0
votes

I've downloaded bert pretrained model 'bert-base-cased. I'm unable to load the model with help of BertTokenizer. I'm trying for bert tokenizer. In the bert-pretrained-model folder I have config.json and pytorch_model.bin.

tokenizer = BertTokenizer.from_pretrained(r'C:\Downloads\bert-pretrained-model')

I'm facing error like

OSError                                   Traceback (most recent call last)
<ipython-input-17-bd4c0051c48e> in <module>
----> 1 tokenizer = BertTokenizer.from_pretrained(r'\Downloads\bert-pretrained-model')

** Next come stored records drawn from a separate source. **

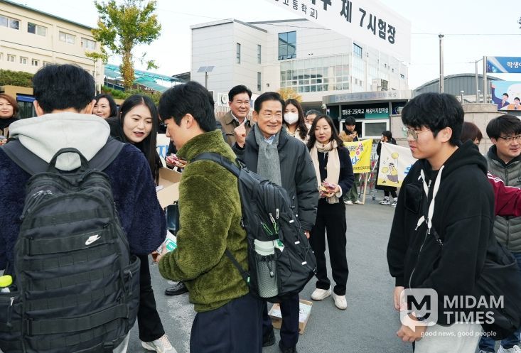 미담타임스 김준완 기자 | 영천시는 2026학년도 대학수학능력시험일인 13일 오전 7시부터 관내 시험장인 영동고등학교와 선화여자고등학교를 찾아 지역 수험생들을 응원하고 격려했다.
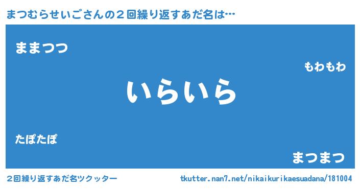 | 意味不明あだ名 | 『とにかく怪しいまつむらせいご』 |
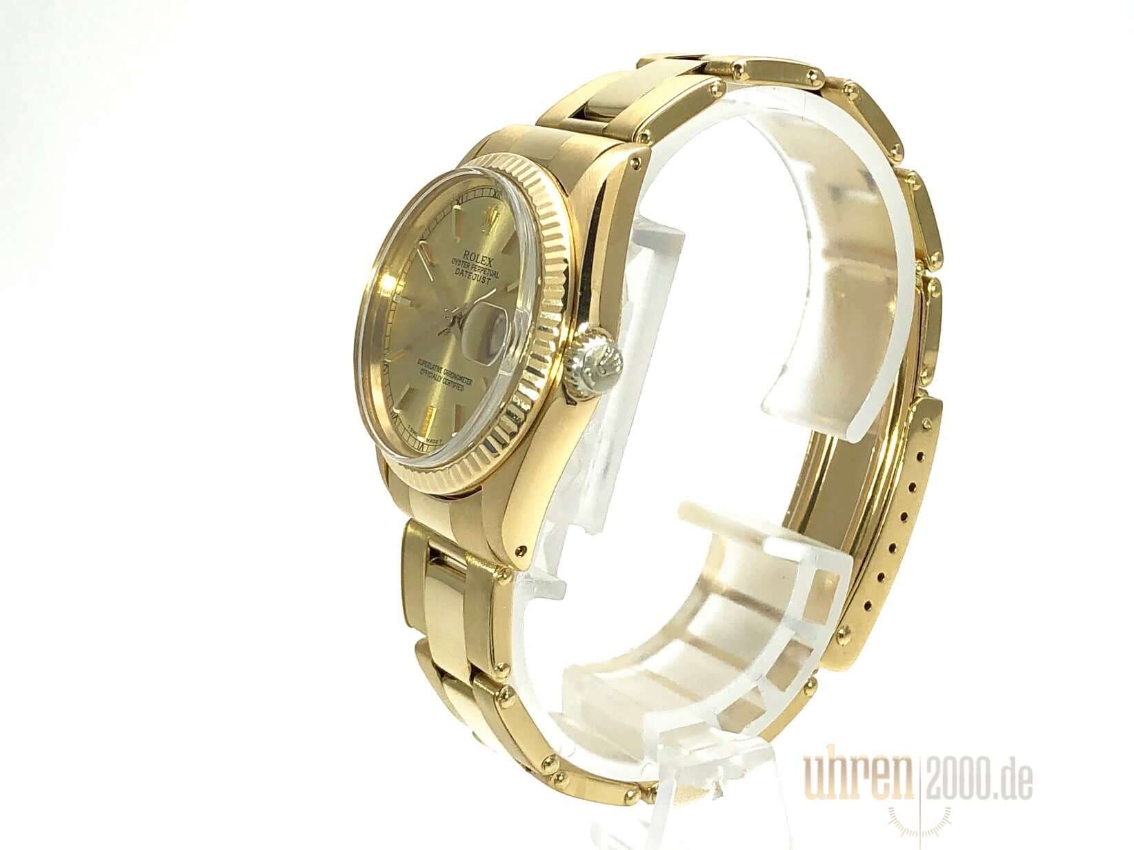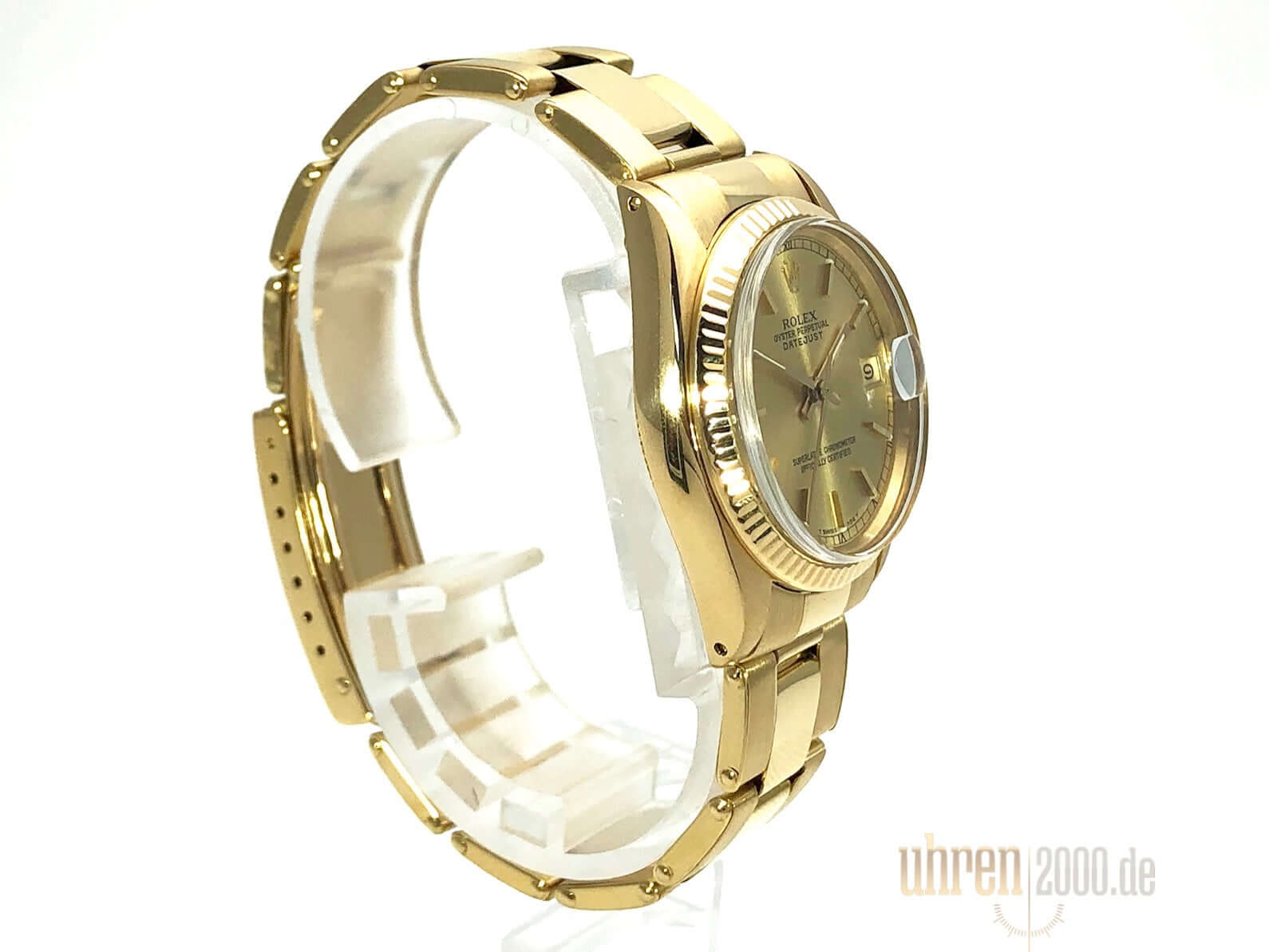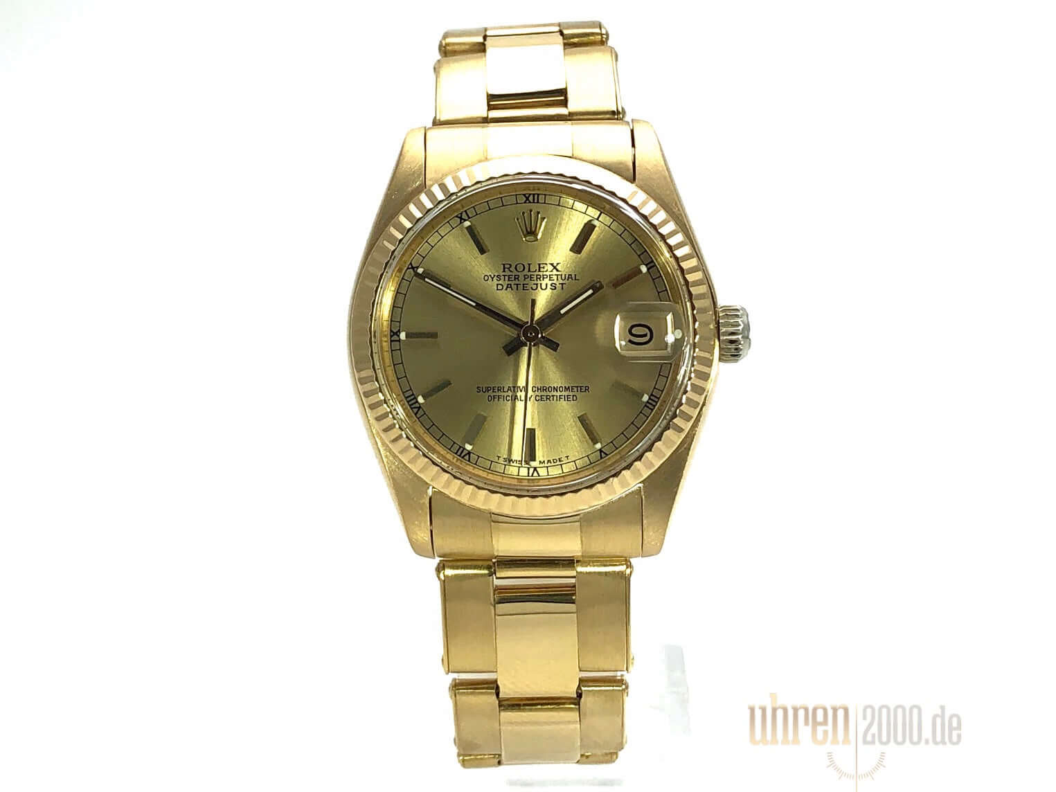 Gehäuse aus Gelbgold poliert und satiniert, Gehäusedurchmesser 31 mm, geriffelte Lünette aus Gelbgold, Gelbgold Band poliert und satiniert mit Faltschließe, Champagner Zifferblatt, goldene Zeiger, Automatikwerk, Datum, Plexiglas, verschraubter Boden aus Gelbgold, Wasserdicht bis zu 10 bar.
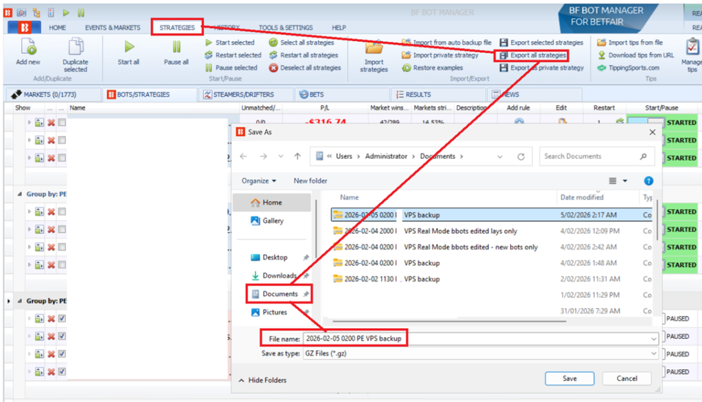 Also, if the VPS connection feels slow and difficult to edit, I often copy the backup file to my home PC, import it into my home PC BFBM, make the edits there, and then export the edited bots back to the VPS and import/overwrite them into the VPS. That helps me avoid making unintended changes to my real mode VPS, too.
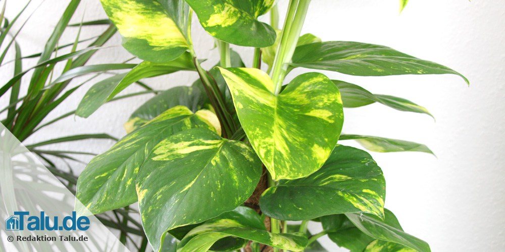 Die Efeutute ist eine häufig kultivierte Rankenpflanze mit grünen oder grün-weiß-gescheckten Blättern. In ihrer tropischen Heimat rankt sie bis zu zwanzig Metern hoch und auch im Zimmer können die Triebe eine Länge von mehreren Metern erreichen. Man kann sie entweder an einer Rankhilfe entlangführen oder sie als Ampelpflanzen pflegen. Wenn einige Teile der Triebe genügend Licht bekommen, können die übrigen auch lichtarme und schattige Zonen durchranken, ehe sie wieder in hellere Bereiche kommen. So können Wände dekorativ mithilfe von Spalieren begrünt werden, an denen sich die Efeutute entlangrankt.
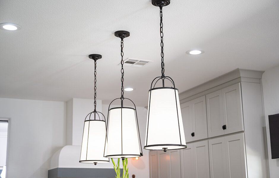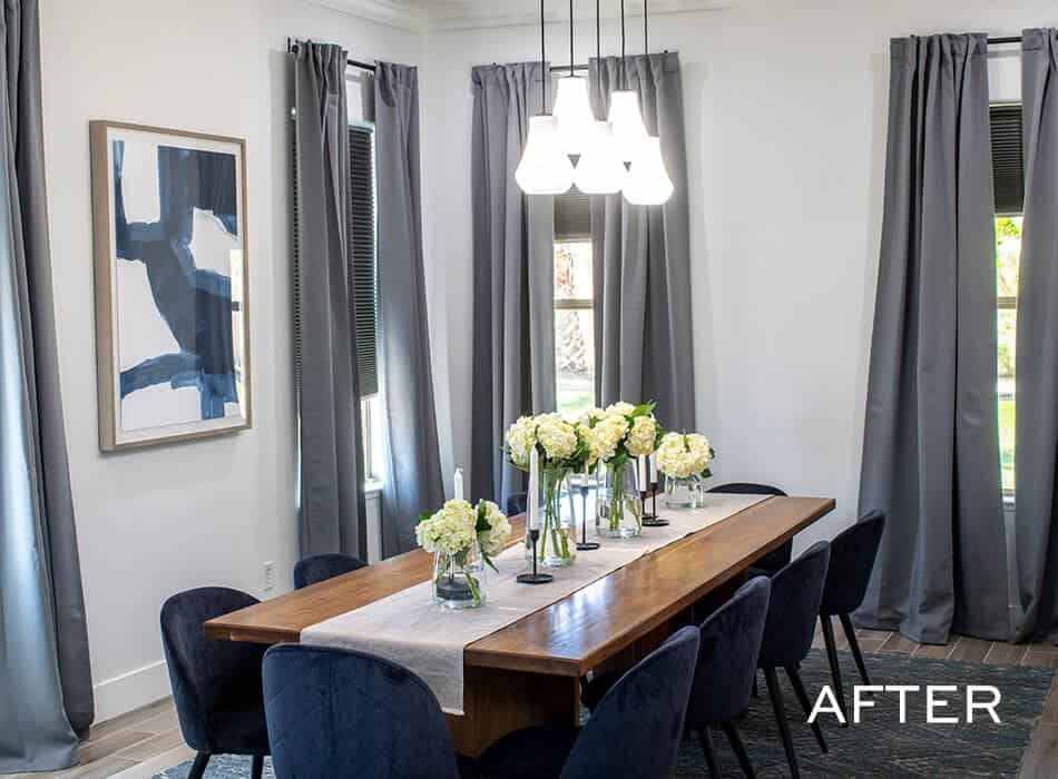 Charisma and Eric loved their home’s high ceilings, even if they made changing the smoke detector batteries a pain. The key here was to provide finishes that capitalized on the grandeur: window treatments that stretched well above the windows all the way to the floor, and a chandelier that provided a modern play on a traditional shape.
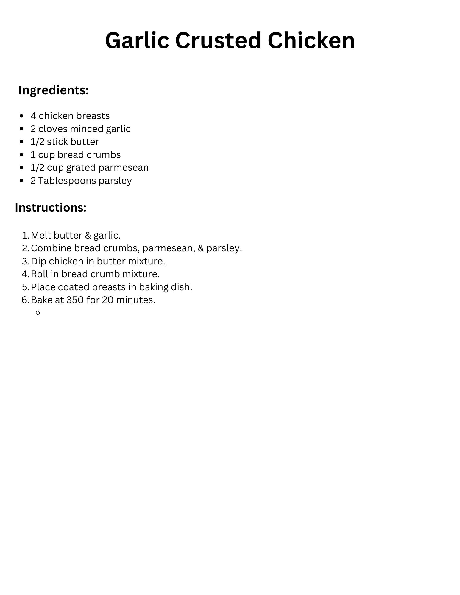 Garlic Crusted Chicken
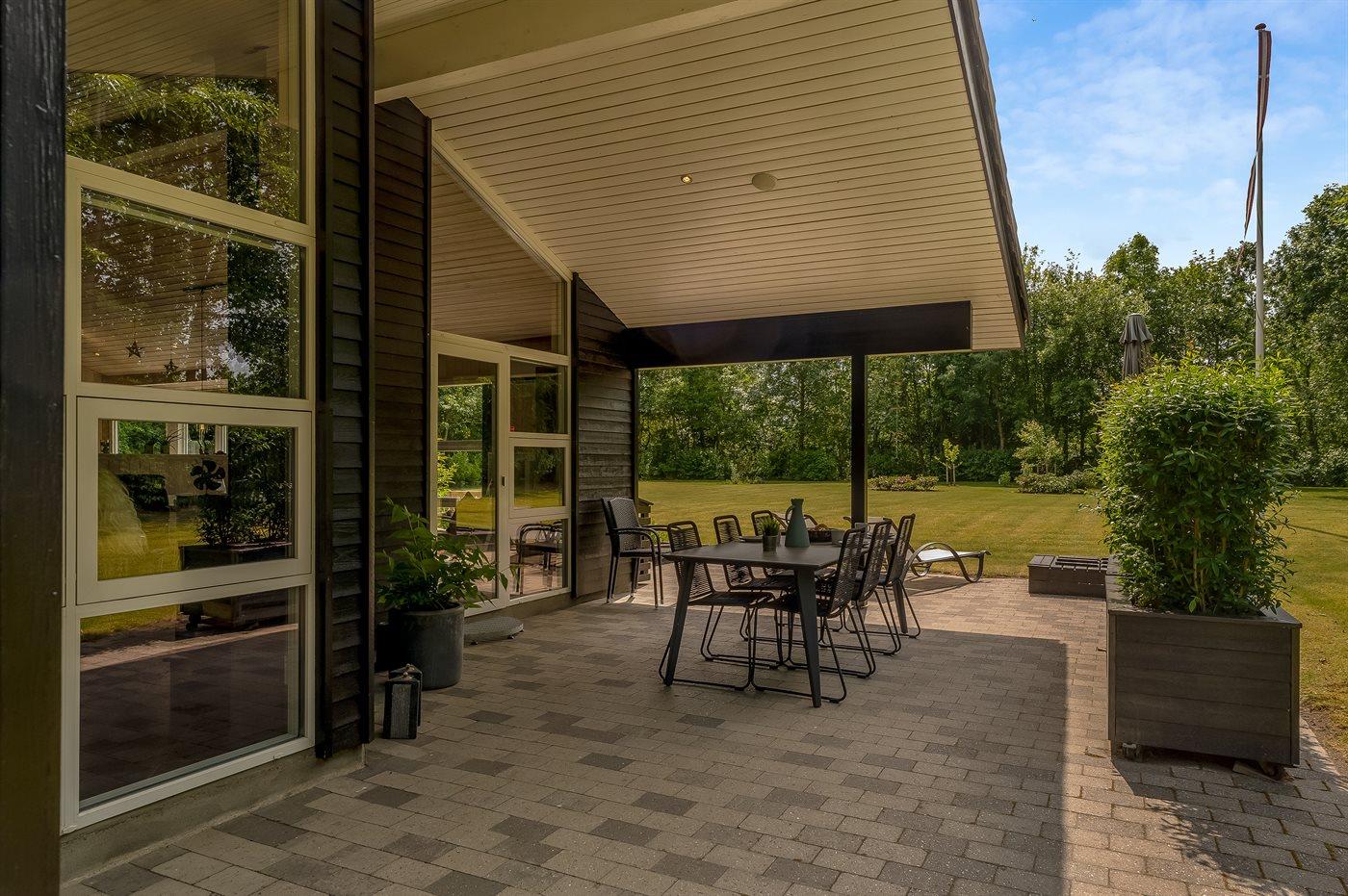 Terrasser på 3 af husets sider med mange læmuligheder (såvel åbent som overdækket terrasseareal) med havemøbler. Der findes en stor integreret carport med direkte indgang til entréen.

~\sentiment_analysis\lib\site-packages\transformers\tokenization_utils_base.py in from_pretrained(cls, pretrained_model_name_or_path, *init_inputs, **kwargs)
   1775                 f"- or '{pretrained_model_name_or_path}' is the correct path to a directory containing relevant tokenizer files\n\n"
   1776             )
-> 1777             raise EnvironmentError(msg)
   1778 
   1779         for file_id, file_path in vocab_files.items():

OSError: Can't load tokenizer for 'C:\Downloads\bert-pretrained-model'. Make sure that:

- 'C:\Downloads\bert-pretrained-model' is a correct model identifier listed on 'https://huggingface.co/models'

- or 'C:\Downloads\bert-pretrained-model' is the correct path to a directory containing relevant tokenizer files

When I'm trying load with BertModel, it's loading. But when i'm trying with BertTokenizer it's not loading.

1
You are missing vocab.json.cronoik
I have config.json, where can I get vocab.json? I'm trying sentiment analysis with Hugging Face, Torch and BertNithin Reddy
Should I download only vocab.txt and place it in model folder or should I download any extra files?Nithin Reddy
You also need the tokenizer_config.json.cronoik

1 Answers

0
votes

Whats' the version of transformers you are using?. I had a similar issue, the solution was to upgrade the transformers to the latest(like 4.3.3 currently) version (I was using an old 2..1 version because I had to make an older code run) and it worked. Looks like older versions of transformers have this issue with loading the language model from the local path.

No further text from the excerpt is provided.